**What you will do**
Return every line in the entries below where the word "with" shows up.

[Information provided — start]

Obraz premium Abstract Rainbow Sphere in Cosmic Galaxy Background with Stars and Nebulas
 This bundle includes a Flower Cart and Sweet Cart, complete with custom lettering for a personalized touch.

[Information provided — finish]
[Information provided — start]

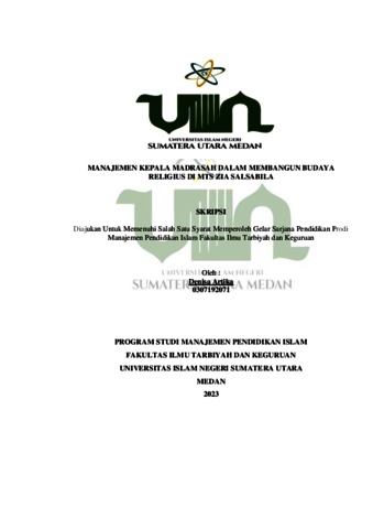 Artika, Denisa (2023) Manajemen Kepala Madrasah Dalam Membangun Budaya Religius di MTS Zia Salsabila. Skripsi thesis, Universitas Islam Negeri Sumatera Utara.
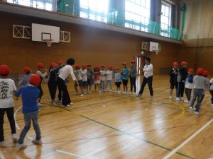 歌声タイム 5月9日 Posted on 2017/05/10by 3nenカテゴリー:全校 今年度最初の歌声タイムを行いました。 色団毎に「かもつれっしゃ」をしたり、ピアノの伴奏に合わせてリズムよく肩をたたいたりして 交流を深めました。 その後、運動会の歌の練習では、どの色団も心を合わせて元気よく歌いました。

[Information provided — finish]
[Information provided — start]

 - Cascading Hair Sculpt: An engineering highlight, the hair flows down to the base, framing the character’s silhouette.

[Information provided — finish]

**Expected output**
Obraz premium Abstract Rainbow Sphere in Cosmic Galaxy Background with Stars and Nebulas
 This bundle includes a Flower Cart and Sweet Cart, complete with custom lettering for a personalized touch.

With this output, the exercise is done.